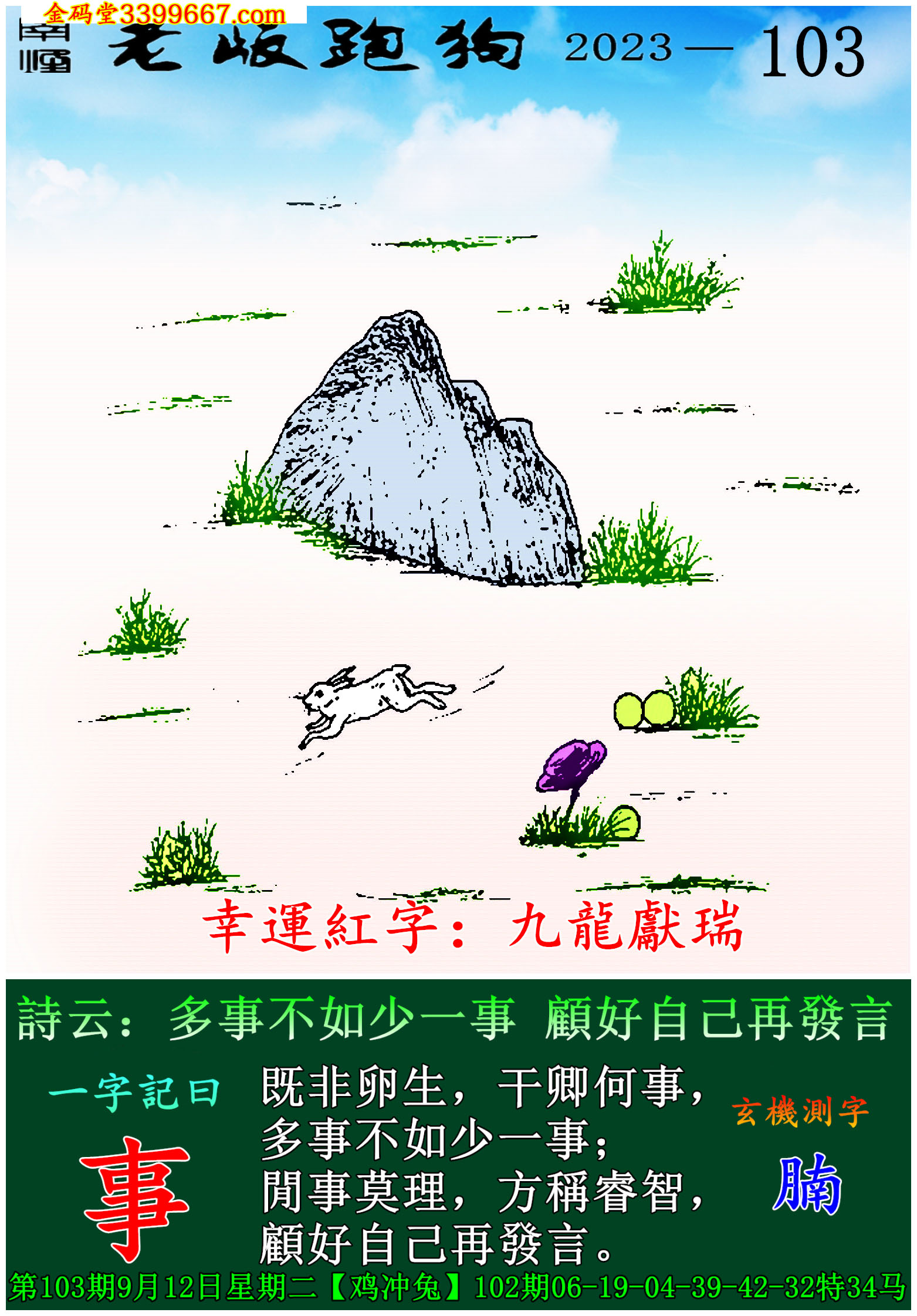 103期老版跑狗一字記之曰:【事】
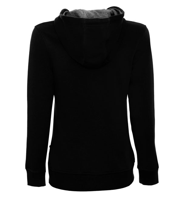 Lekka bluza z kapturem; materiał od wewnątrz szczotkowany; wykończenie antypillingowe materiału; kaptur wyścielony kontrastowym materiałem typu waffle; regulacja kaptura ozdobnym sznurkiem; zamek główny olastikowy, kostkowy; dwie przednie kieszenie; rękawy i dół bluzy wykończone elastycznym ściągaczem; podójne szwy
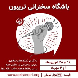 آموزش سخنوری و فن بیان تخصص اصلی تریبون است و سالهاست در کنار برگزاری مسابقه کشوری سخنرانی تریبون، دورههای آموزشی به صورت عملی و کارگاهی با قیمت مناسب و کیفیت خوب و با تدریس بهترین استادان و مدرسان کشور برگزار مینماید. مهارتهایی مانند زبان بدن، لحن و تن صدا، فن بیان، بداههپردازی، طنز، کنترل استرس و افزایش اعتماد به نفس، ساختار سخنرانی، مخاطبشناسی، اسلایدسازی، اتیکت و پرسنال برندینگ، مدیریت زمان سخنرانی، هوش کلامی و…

☆ ☆ ☆

__Directions for this task__. This exercise calls for the complete listing, returned exactly and without images.

__Problem solution__.
 103期老版跑狗一字記之曰:【事】
 Lekka bluza z kapturem; materiał od wewnątrz szczotkowany; wykończenie antypillingowe materiału; kaptur wyścielony kontrastowym materiałem typu waffle; regulacja kaptura ozdobnym sznurkiem; zamek główny olastikowy, kostkowy; dwie przednie kieszenie; rękawy i dół bluzy wykończone elastycznym ściągaczem; podójne szwy
 آموزش سخنوری و فن بیان تخصص اصلی تریبون است و سالهاست در کنار برگزاری مسابقه کشوری سخنرانی تریبون، دورههای آموزشی به صورت عملی و کارگاهی با قیمت مناسب و کیفیت خوب و با تدریس بهترین استادان و مدرسان کشور برگزار مینماید. مهارتهایی مانند زبان بدن، لحن و تن صدا، فن بیان، بداههپردازی، طنز، کنترل استرس و افزایش اعتماد به نفس، ساختار سخنرانی، مخاطبشناسی، اسلایدسازی، اتیکت و پرسنال برندینگ، مدیریت زمان سخنرانی، هوش کلامی و…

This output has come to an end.